**Work to complete**: Only some lines are wanted. Transcribe, exactly, the lines below from the line with "В будинку одна" up to and including the line with "Matalensa- Boyolali. Suasana".

**Entries shown**:
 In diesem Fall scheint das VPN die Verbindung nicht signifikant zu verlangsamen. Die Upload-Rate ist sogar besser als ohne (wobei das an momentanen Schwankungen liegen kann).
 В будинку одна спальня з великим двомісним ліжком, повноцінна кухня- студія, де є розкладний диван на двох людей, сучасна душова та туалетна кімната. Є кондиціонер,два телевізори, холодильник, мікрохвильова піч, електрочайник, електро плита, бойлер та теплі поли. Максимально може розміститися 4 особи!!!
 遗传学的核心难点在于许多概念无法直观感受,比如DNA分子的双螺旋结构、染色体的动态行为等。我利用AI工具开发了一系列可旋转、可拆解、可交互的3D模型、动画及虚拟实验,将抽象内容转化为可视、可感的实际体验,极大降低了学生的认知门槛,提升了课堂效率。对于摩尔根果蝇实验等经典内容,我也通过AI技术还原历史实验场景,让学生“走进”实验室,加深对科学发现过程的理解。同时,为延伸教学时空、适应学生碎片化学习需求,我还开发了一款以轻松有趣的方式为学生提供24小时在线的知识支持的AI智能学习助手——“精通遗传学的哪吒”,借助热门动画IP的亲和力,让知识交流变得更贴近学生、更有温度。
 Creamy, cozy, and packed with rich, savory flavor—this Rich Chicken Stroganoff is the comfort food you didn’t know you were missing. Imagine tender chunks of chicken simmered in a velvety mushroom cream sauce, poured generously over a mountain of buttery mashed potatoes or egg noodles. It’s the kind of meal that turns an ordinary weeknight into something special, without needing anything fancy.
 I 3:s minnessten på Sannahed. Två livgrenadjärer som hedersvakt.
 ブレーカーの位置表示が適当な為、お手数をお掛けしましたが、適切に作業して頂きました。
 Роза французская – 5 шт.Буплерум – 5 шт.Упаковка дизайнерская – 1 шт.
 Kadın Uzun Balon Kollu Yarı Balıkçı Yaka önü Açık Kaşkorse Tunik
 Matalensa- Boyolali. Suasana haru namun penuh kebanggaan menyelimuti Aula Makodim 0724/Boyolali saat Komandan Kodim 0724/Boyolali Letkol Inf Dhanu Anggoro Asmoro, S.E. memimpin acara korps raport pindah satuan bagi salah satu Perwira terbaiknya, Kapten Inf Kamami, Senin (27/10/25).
* * *
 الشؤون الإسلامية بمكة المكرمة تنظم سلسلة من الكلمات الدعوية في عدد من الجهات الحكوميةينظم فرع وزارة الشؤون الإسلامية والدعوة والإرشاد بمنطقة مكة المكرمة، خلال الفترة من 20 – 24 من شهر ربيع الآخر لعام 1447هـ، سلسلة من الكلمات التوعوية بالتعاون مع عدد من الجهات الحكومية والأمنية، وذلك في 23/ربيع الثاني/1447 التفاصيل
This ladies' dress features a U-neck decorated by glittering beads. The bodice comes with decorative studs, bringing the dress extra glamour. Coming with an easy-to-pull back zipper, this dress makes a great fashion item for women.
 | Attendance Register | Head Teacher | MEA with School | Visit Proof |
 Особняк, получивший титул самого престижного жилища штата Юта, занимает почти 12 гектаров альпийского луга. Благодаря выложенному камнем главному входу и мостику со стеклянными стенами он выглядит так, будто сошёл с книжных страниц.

**Task response**:
 В будинку одна спальня з великим двомісним ліжком, повноцінна кухня- студія, де є розкладний диван на двох людей, сучасна душова та туалетна кімната. Є кондиціонер,два телевізори, холодильник, мікрохвильова піч, електрочайник, електро плита, бойлер та теплі поли. Максимально може розміститися 4 особи!!!
 遗传学的核心难点在于许多概念无法直观感受,比如DNA分子的双螺旋结构、染色体的动态行为等。我利用AI工具开发了一系列可旋转、可拆解、可交互的3D模型、动画及虚拟实验,将抽象内容转化为可视、可感的实际体验,极大降低了学生的认知门槛,提升了课堂效率。对于摩尔根果蝇实验等经典内容,我也通过AI技术还原历史实验场景,让学生“走进”实验室,加深对科学发现过程的理解。同时,为延伸教学时空、适应学生碎片化学习需求,我还开发了一款以轻松有趣的方式为学生提供24小时在线的知识支持的AI智能学习助手——“精通遗传学的哪吒”,借助热门动画IP的亲和力,让知识交流变得更贴近学生、更有温度。
 Creamy, cozy, and packed with rich, savory flavor—this Rich Chicken Stroganoff is the comfort food you didn’t know you were missing. Imagine tender chunks of chicken simmered in a velvety mushroom cream sauce, poured generously over a mountain of buttery mashed potatoes or egg noodles. It’s the kind of meal that turns an ordinary weeknight into something special, without needing anything fancy.
 I 3:s minnessten på Sannahed. Två livgrenadjärer som hedersvakt.
 ブレーカーの位置表示が適当な為、お手数をお掛けしましたが、適切に作業して頂きました。
 Роза французская – 5 шт.Буплерум – 5 шт.Упаковка дизайнерская – 1 шт.
 Kadın Uzun Balon Kollu Yarı Balıkçı Yaka önü Açık Kaşkorse Tunik
 Matalensa- Boyolali. Suasana haru namun penuh kebanggaan menyelimuti Aula Makodim 0724/Boyolali saat Komandan Kodim 0724/Boyolali Letkol Inf Dhanu Anggoro Asmoro, S.E. memimpin acara korps raport pindah satuan bagi salah satu Perwira terbaiknya, Kapten Inf Kamami, Senin (27/10/25).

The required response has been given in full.